O depoimento do Wagner Tiso, parceiro desde os tempos de
meninos em Três Pontas, é comovente. Desculpando-se, ele chora – a moça na fila
de trás da minha no cinema faz eco: “eu também estou chorando”. Bom, e eu
também. O Chico Buarque, outro octogenário, ao assistir àquele vídeo famoso –
Milton vocalizando o início de “O que será?”, ao lado de um Chico encantado –, experimenta
a mesma emoção, expressa num leve piscar de olhos, uma forma de não deixar as
lágrimas caírem. A gente está no mesmo barco, bambino.
Há pelo menos um momento de poesia absoluta: Criolo e Mano
Brown, um sem saber o que se passa com o outro, falam a letra de “Morro Velho”.
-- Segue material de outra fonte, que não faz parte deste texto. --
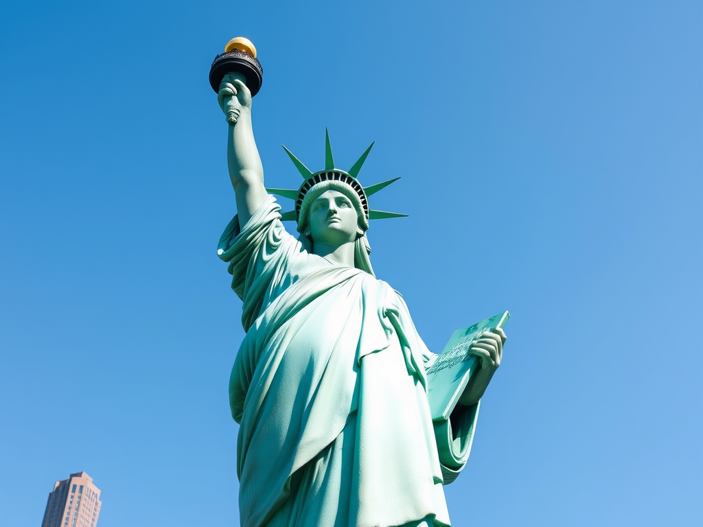 The majestic Statue of Liberty’s Torch, the beacon of freedom and liberty, is proudly held high by Lady Liberty.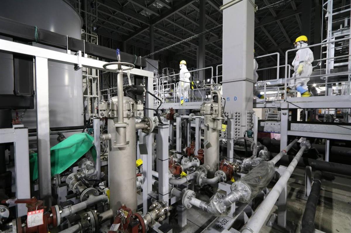 薄暗い内部は複雑な装置やパイプなどが並び、化学プラントのよう。ALPSでは吸着材が入った吸着塔に汚染水を通し、放射性物質を除去し処理水となる。しかし、トリチウムだけは残る。資源エネルギー庁などはトリチウムについて、自然界に存在し放射線も極めて弱く、被曝(ひばく)の心配はほとんどないと説明している。トリチウムは日本を含む世界各国の原発などで基準の濃度以下に希釈し排出されており、福島第1原発でも事故前から放出されていた。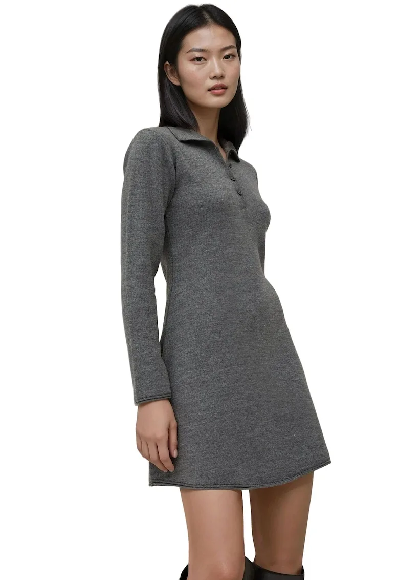 Rochie dama – guler polo – gri – tricot – Reduceri Exclusive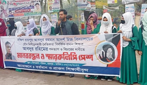 কয়েকজন ছাত্রী ও অভিবাবক জানান, বিদ্যালয়ের প্রধান শিক্ষক আবদুর রহিম কয়েক মাস ধরে নবম ও দশম শ্রেণির ছাত্রীদের মোবাইল ফোনে ও ফেসবুক ম্যাসেঞ্জারে অশ্লীল কথাবার্তা বলেন। যার স্ক্রিনশট ইতোমধ্যে ফেসবুকে ছড়িয়ে পড়েছে। এনিয়ে তারা শিক্ষকের বিচারের দাবি করলেও কোনো ফল আসছে না। এজন্য মানববন্ধন ও স্মারকলিপি দেওয়া হয়।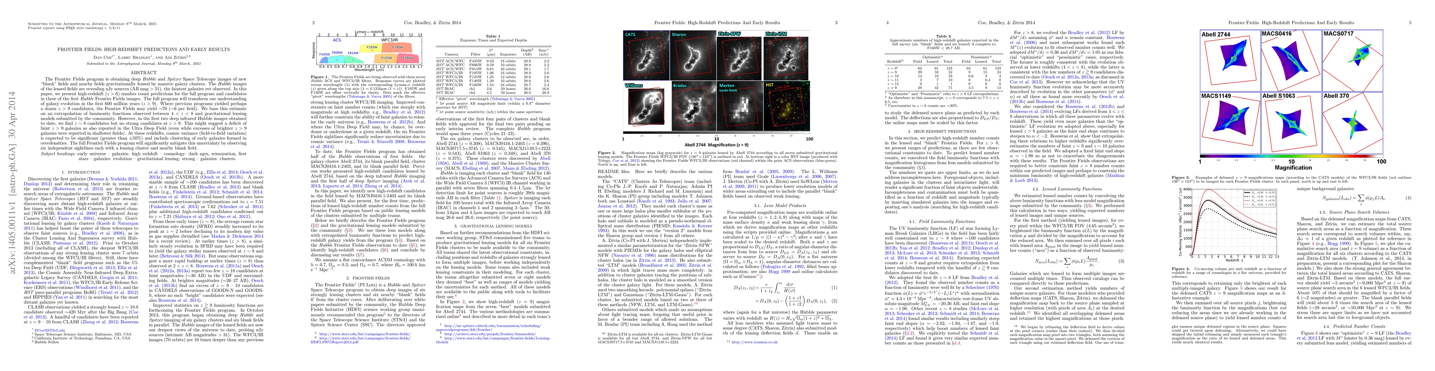 The Frontier Fields program is obtaining deep Hubble and Spitzer Space Telescope images of new "blank" fields and nearby fields gravitationally lensed by massive galaxy clusters. The Hubble images of the lensed fields are revealing nJy sources (AB mag > 31), the faintest galaxies yet observed. In this paper, we present high-redshift (z > 6) number count predictions for the full program and candidates in three of the first Hubble Frontier Fields images. The full program will transform our understanding of galaxy evolution in the first 600 million years (z > 9). Where previous programs yielded perhaps a dozen z > 9 candidates, the Frontier Fields may yield ~70 (~6 per field). We base this estimate on an extrapolation of luminosity functions observed between 4 < z < 8 and gravitational lensing models submitted by the community. However, in the first two deep infrared Hubble images obtained to date, we find z ~ 8 candidates but no strong candidates at z > 9. This might suggest a deficit of faint z > 9 galaxies as also reported in the Ultra Deep Field (even while excesses of brighter z > 9 galaxies were reported in shallower fields). At these redshifts, cosmic variance (field-to-field variation) is expected to be significant (greater than +/-50%) and include clustering of early galaxies formed in overdensities. The full Frontier Fields program will significantly mitigate this uncertainty by observing six independent sightlines each with a lensing cluster and nearby blank field.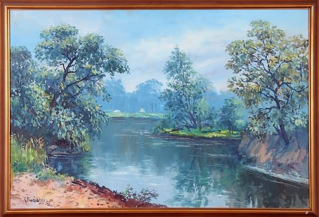 | River landscape with three large trees at the edge of the river | |
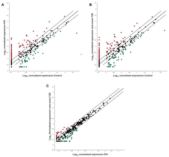 Scatter plot analysis of differential miRNA expression on a logarithmic scale. Red and green dots represent the number of miRNAs that were found to be over-expressed (fold regulation values > 2) and under-expressed (fold regulation values < −2), respectively, in (A) IFG vs. control group; (B) new-onset T2D vs. control group, (C) new-onset T2D vs. IFG group. Black dots represent a lack of differential expression (unvaried miRNAs).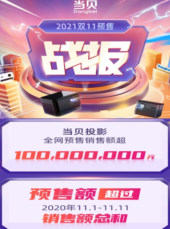 而当贝是近3年时间里唯一连续保持增速的国内投影仪,2019年首款投影仪产品发布,仅用半年时间稳居国内投影仪品牌前3名,实现黑马投影仪逆袭弯道超车。通过多矩阵产品线(便携、1080P旗舰、高端激光投影仪、4K等)及创新功能系统,赢得了众多用户选择,在2021年双十一全网预售销售额超1亿元!预售额超过去年双十一期间的总和。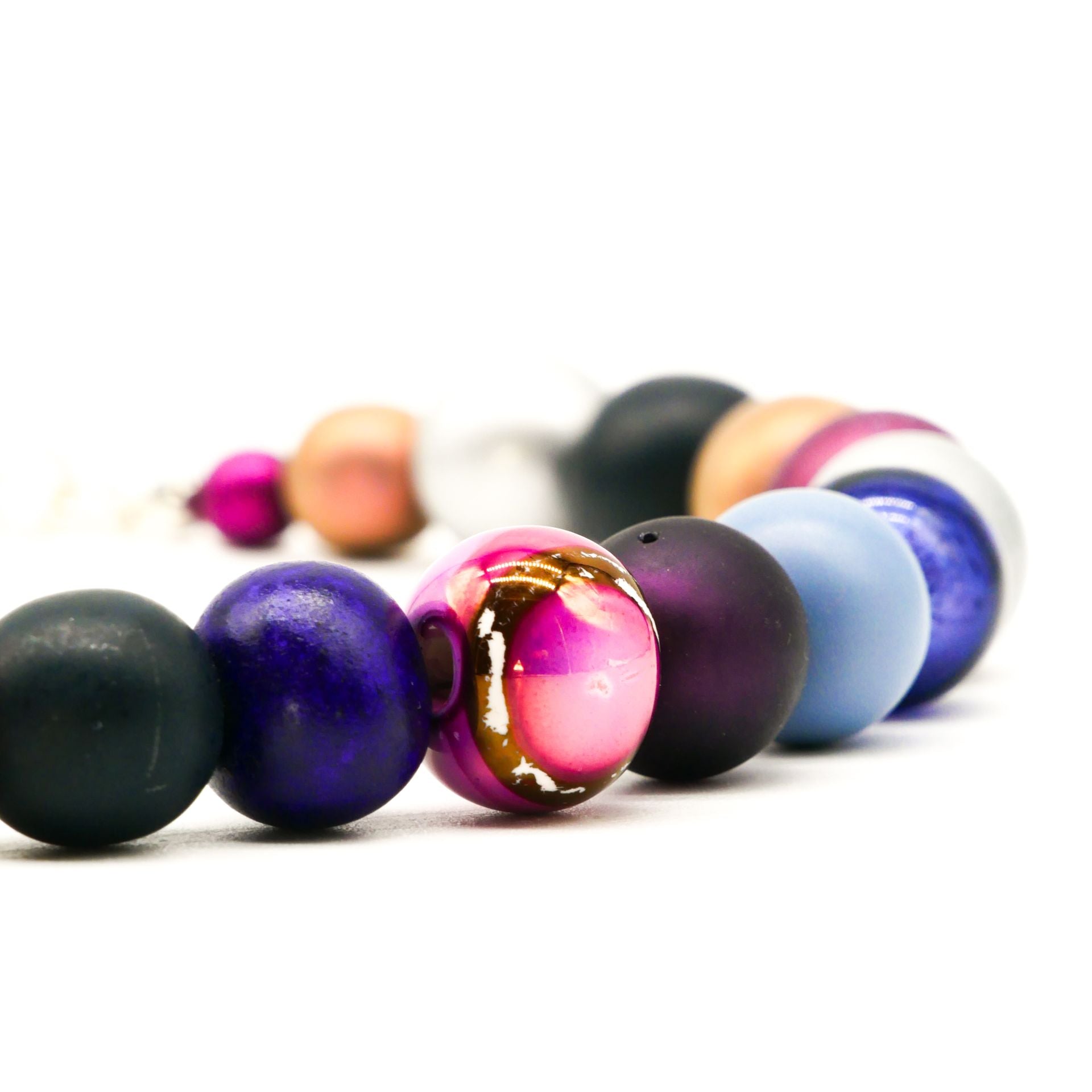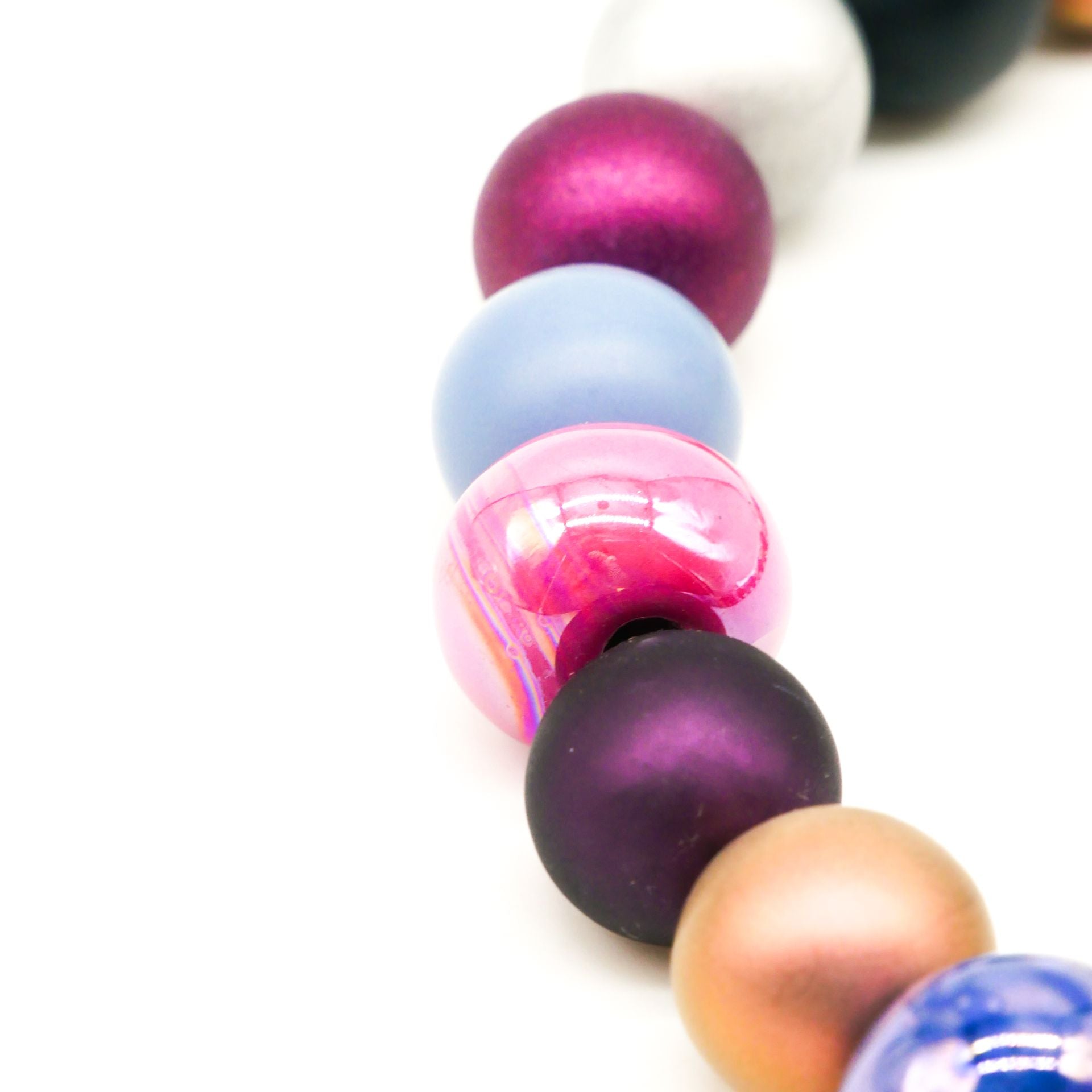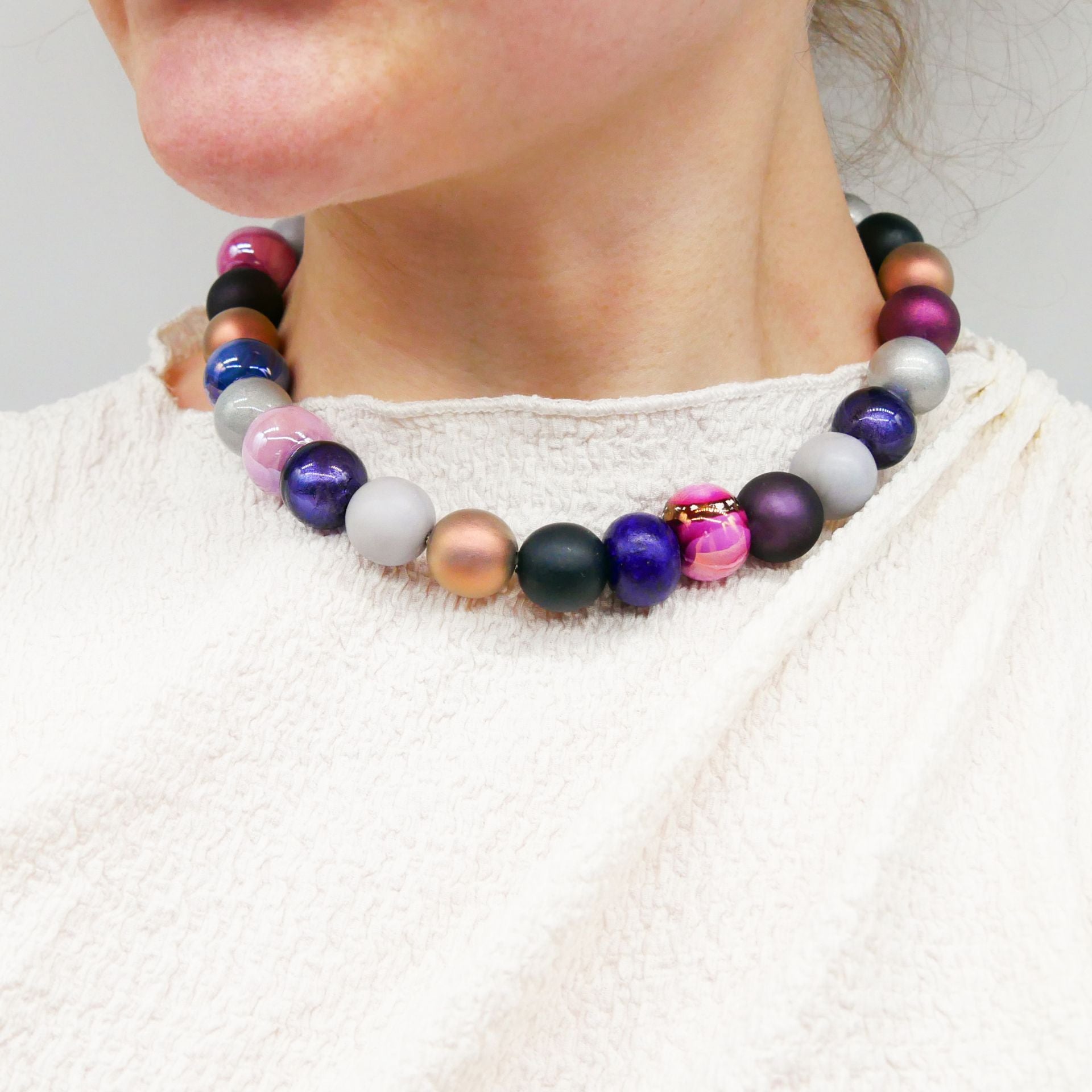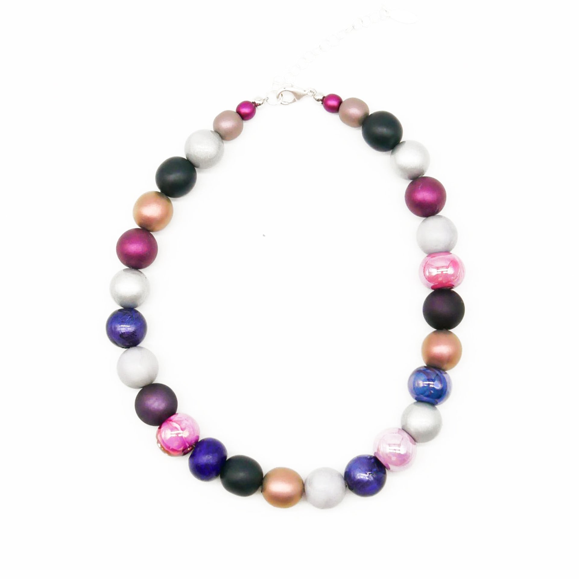 Diese Kette verzaubert mit ihrer harmonischen Farbkomposition aus zarten Lilatönen. Sie strahlt eine feine Balance zwischen Verspieltheit und Eleganz aus und setzt sanfte Farbakzente, die jedes Outfit besonders machen.

Criolo, sereno, se agarra à beleza da amizade entre o preto e o branco, o rico
e o pobre. Mano Brown, contestador, não esquece a luta de classe, delimita bem
que, no fim, é o preto na lida e o branco no comando, dono de tudo. Há que se
dizer que as duas coisas estão na letra do Milton. Essas leituras tão distintas
acontecem com Hamilton de Holanda solando a melodia no bandolim. Nessa cena, o
filme toma outra dimensão, são três caras que se chegaram ao Bituca bem depois
do Clube da Esquina, das andanças mundo afora, das parcerias com Elis, Chico,
Caetano e Gil. É forte. Assim como é forte o final, Milton ouvindo e regendo Angela
Maria cantar Babalu. Presenciamos a reverência sentimental do homem ao seu
berço musical, as cantoras.
Corro o risco de cometer uma heresia, mas vamos lá: o texto
narrado por Fernanda Montenegro é fraco, repetitivo. E a narração da atriz – que
me marcou em “Eles não usam Black-tie” e nos recentes “Ainda estou aqui” e
“Vitória” – me pareceu excessiva.
Fui à estreia de “A última sessão de música” (na saída,
Lenine flanava pelo estacionamento assobiando “Meu menino”, música da Ana Terra
e Danilo Caymmi, gravada no Clube da Esquina 2 e não cantada no show). Não sou
chegado a ninguém, não fui agraciado diretamente com um convite vip, mas estava
lá. A história é longa, não a contarei, o que interessa é que eu e uma grande
amiga fazíamos parte da plateia. O show me jogou nas cordas, emoção que deixou
de ser momentânea, transformando-se em perene: ficou como memória de minha
querida amiga que em breve nos deixaria.
É nascimento.
É vida, “vida, que amor brincadeira”.
Não poderia deixar de ser morte.
Milton é meu Deus particular.
6 comentários:
Poético, Xande, e verdadeiro, sei.
Viva nosso Bituca, Branca.
Que bom que está sendo tão homenageado em vida!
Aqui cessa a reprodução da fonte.